Jüra: Quero ser um exemplo de liberdade na criação

Jüra, cantora e compositora, afirma escrever com emoção e cantar a sua verdade. Originalmente de Alcobaça, foi para Lisboa seguir o seu sonho: as artes. Estudou teatro e dança, mas é na música que encontra uma ligação emocional. Já encheu o Capitólio e sobe agora para palcos de festivais nacionais como o NOS Alive.

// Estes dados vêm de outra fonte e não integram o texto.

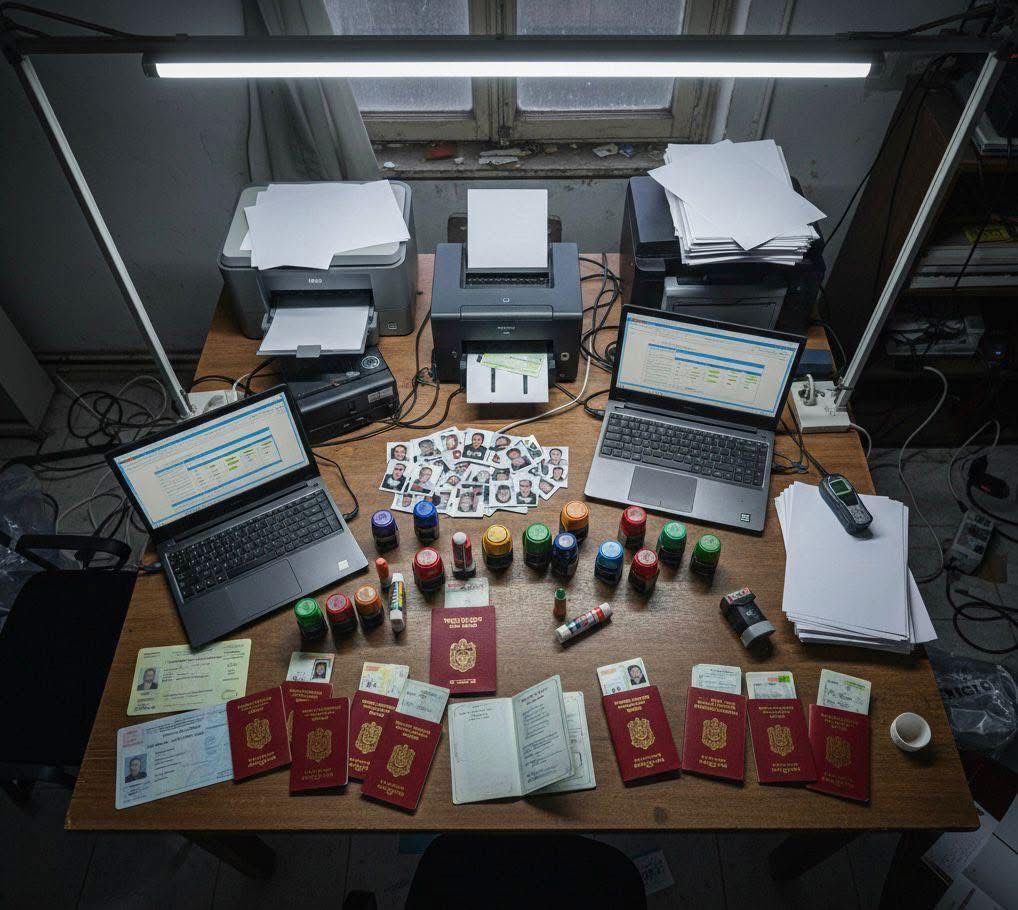 Sur place, la scène dépasse la simple petite magouille. Les policiers tombent sur un véritable « laboratoire » en pleine activité. Cinq individus sont surpris en flagrant délit, entourés de documents de voyage et d’un arsenal technologique dédié à la contrefaçon.

Como começou a tua paixão pela música?
Eu acho que a paixão pela música sempre existiu. Desde muito pequenina que gosto de cantarolar. Não tinha assim aquele sonho de miúda de ser cantora e tudo mais, mas era sempre a que fazia os teatros de Natal, que andava com o rádio e com o microfone na mão. Sempre gostei muito de tudo o que era expressão artística e cantar sempre foi uma forma de fugir da realidade. Lembro-me de andar de mota com o meu pai, é uma coisa que eu costumo contar, o barulho da mota, apagar o barulho do mundo, e eu começava a cantar porque me deixava ouvir a mim própria, entregar-me na melodia.

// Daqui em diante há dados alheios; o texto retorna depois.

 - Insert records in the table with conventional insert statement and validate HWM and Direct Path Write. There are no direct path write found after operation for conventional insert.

O que desencadeou a decisão de publicar a primeira música?
Bem, antes de editar uma canção e de gravar em estúdio e tudo mais, eu já fazia muitos diretos no Instagram. Gostava muito de fazer improvisos em beats e tudo começou a fazer sentido. Comecei a fazer canções também, que tinham um princípio, meio e fim. Esse caminho levou a essa urgência de partilhar o que existia só em mim ou em minha casa.

E como é que foi esse processo?
Foi tudo feito em família, com pessoas que me rodeavam e que fui conhecendo. Gravei És o Amor no estúdio da ETIC [Escola de Tecnologias Inovação e Criação] com o Filipe Miranda, que é um amigo meu, e por isso foi tudo assim meio homemade. Fizemos a cena em casa, depois fomos só gravar, ele mixou e masterizou e ficou.

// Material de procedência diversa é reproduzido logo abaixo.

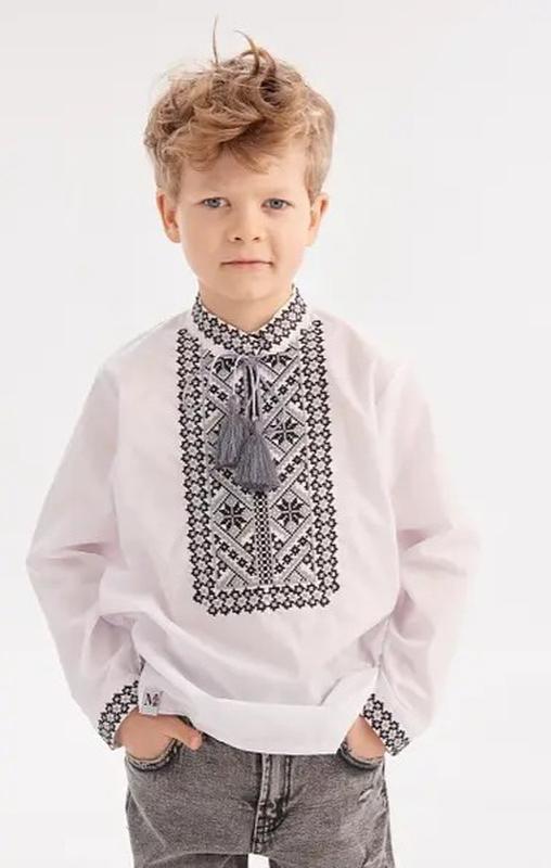 Вишиванка для хлопчика Розміри від 6 до 12 років (116 -152см). Тканина: поплін (65% бавовна, 35% поліестер). Колір вишивки: чорно-сіра Колір тканини - біла Вишивка машинна, хрестиком. На фото модель у розмірі 128. Зріст хлопчика 122 см. Краще брати на розмір більше від свого зросту. Вишиванка має бути вільна. Розмір "6" Ширина плеч - 30 см Довжина рукава від плеча - 41 см Довжина рубашки - 50 см ОГ - 78 см Розмір "7" Ширина плеч - 31 см Довжина рукава від плеча - 43 см Довжина рубашки - 53 см ОГ - 82 см Розмір "8" Ширина плеч - 31 см Довжина рукава від плеча - 44 см Довжина рубашки - 54 см ОГ - 84 см Розмір "9" Ширина плеч - 32 см Довжина рукава від плеча - 46 см Довжина рубашки - 56 см ОГ - 86 см Розмір "10" Ширина плеч - 33 см Довжина рукава від плеча - 48 см Довжина рубашки - 58 см ОГ - 88 см Розмір "11" Ширина плеч - 34 см Довжина рукава від плеча - 49 см Довжина рубашки - 59 см ОГ - 90 см Розмір "12" Ширина плеч - 36 см Довжина рукава від плеча - 49 см Довжина рубашки - 61 см ОГ - 92 см

Sabemos que estudaste teatro e dança, o que te fez optar por seguires o caminho da música?
Eu estudei circo no Chapitô e fiz o 9.º grau do Conservatório de Dança, mas é na música que eu encontro lugar para me deixar ser, sem pensar. Ou seja, a minha ligação com a música é mesmo muito, muito, muito emocional e por isso é o meu lugar preferido. Eu descobri na música a liberdade total e a conexão total comigo própria. É na música que eu me ouço, que me expresso e me apresento. É o meu lugar. Sinto que as outras áreas me trouxeram uma “bagagem” muito grande em termos de estudos artísticos, que depois também ajudam em tudo isto que a música também é.

Que relações vês entre as diferentes expressões artísticas?
Sinto que a dança é a melodia do corpo, o teatro é quase como encarnar outras pessoas, criar pessoas dentro de nós. Na música é a verdade que impera.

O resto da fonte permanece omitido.